Research - African Journal of Food Science and Technology ( 2023) Volume 14, Issue 8
Received: 20-Jul-2023, Manuscript No. 111226; Editor assigned: 24-Jul-2023, Pre QC No. 111226; Reviewed: 25-Jul-2023, QC No. 111226; Revised: 14-Aug-2023, Manuscript No. 111226; Published: 18-Aug-2023, DOI: 10.14303//ajfst.2023.036
The study was carried out to determine the nutritive status of leaves, vines, pods and whole plant of Rhynchosia minima as animals feed. Samples of each of parts were collected from 50 young plants growing naturally in Shambat Campus-Sudan, during wet season.
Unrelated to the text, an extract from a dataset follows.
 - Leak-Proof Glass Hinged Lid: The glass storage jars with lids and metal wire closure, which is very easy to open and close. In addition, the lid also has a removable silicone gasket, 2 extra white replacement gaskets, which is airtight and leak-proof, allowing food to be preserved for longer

Parameters measured were: chemical composition, neutral detergent fiber (NDF), acid detergent fiber (ADF), acid detergent lignin (ADL), some macro minerals, tannin contents and in-vitro dry matter digestibility (IVDMD). Obtained data were subjected to analysis of variance (ANOVA) for a completely randomize design. The results showed that the leaves had the highest crude protein content (16.24 %), nitrogen free extract (51.47%) and IVDMD (64.90%). Whole plant recorded the highest content of ash (8.24) and all of the studied macro-minerals. While, vines had the highest values of crude fiber (27.97%) and cell constituent, pods had the highest value of ether extract (2.34) and tannins (3.90%). The study concluded that the different parts of Rhynchosia minima tree had a great amount of nutrients potential as livestock feed with superior ranking for leaves and whole plant.
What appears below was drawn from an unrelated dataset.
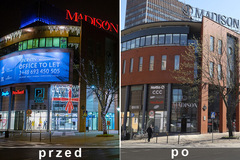 Zdjęcia przed i po budynków z reklamami. Uchwała Krajobrazowa Gdańska

Rhynchosia minima, Nutritive values, Tannin, IVDMD.
Sudan has various environmental regions that allow different types of plants to grow naturally, which can play a serious role for offering nutrients requirements of different kinds of animals (FAO, 2010). Sudan has 110 million livestock, consist of 41.12 million sheep, 32.4 million goats, 32.08 million cattle and 4.9 million camels (MARF, 2021). The available resources of feed for these large numbers of livestock include natural pastures, crop residues and agroindustrial by-products. Although ranges and pasture can offer and support feed for a large number of livestock, the nutritive value of these resources in the Sudan is greatly affected by seasonal changes. There is usually adequate forage of fair to good nutritive value in the wet season, but in the dry season available forage from natural pastures are usually inadequate both in terms of quality and quantity to meet even the maintenance requirements of livestock (Atta Elmnan & Dawood 2011; Atta Elmnan et al., 2022).
Because the fodder trees have a great potential for alleviating some of the feed shortage and nutritional deficiencies during harsh environmental conditions Atta Elmnan & Ali (2020), Atta Elmnan et al., (2022), the fodder trees are recognized as important components of animal feeding, particularly as suppliers of protein in the different animal production system.
Rhynchosia minima is a member of the Leguminosae (Fabaceae) family, it found with adequate density in different regions of the Sudan (FAO, 2010). In Sudan there are no studies dealing with its nutritive value as animal feed. Therefore, this study was carried out to determine the nutritive status of leaves, pods, vines and whole of Rhynchosia minima, in term of chemical composition, macro-minerals (Ca, Na, Mg, K and P), anti-nutritional factor (tannin) content and In vitro dry matter digestibility as animal feeds.
Sample collection and preparation
Samples of pods, leaves and vines of R. minima were collected during wet season from 50 young plants growing naturally in Shambat campus. The samples were picked by hand from the branches at top, middle and the bottom of the different trees. Samples of different parts were separately air dried in shaded place, milled to pass through a 1mm screen, and then were kept in paper bag for further analysis.
Laboratory analysis
Laboratory analysis was carried out at the Animal Nutrition laboratory, Department of Animals Nutrition, Faculty of Animal Production - University of Khartoum.
Chemical Analysis
Proximate analysis was determined according to (AOAC, 2019). Neutral detergent fiber (NDF), acid detergent fiber (ADF) and acid detergent lignin (ADL) were analyzed according to (Van Soest et al., 1991). The nitrogen free extract (NFE) was calculated as follow:
NFE %( DM) = DM - (EE%+CP%+CF%+ash %).
Macro minerals determination
Samples to determine minerals were extracted according to the method described by Pearson (1981). Each sample was burnt in muffle furnace at 550°C, then 10 ml of NHCL was added, after that solution was carefully filtered in a 100ml volumetric flask and finally distilled water was added to make up to the mark. Potassium (K) and Sodium (Na) were determined by AOAC (2019) method using flame photometer. Calcium (Ca) and Magnesium (Mg) levels were carried out according to Chapman and Pratt (1982) by titration method. Phosphorus (P) level was carried out according to the method described by Champ and Pratt (1982) by atomic absorption spectrophotometer.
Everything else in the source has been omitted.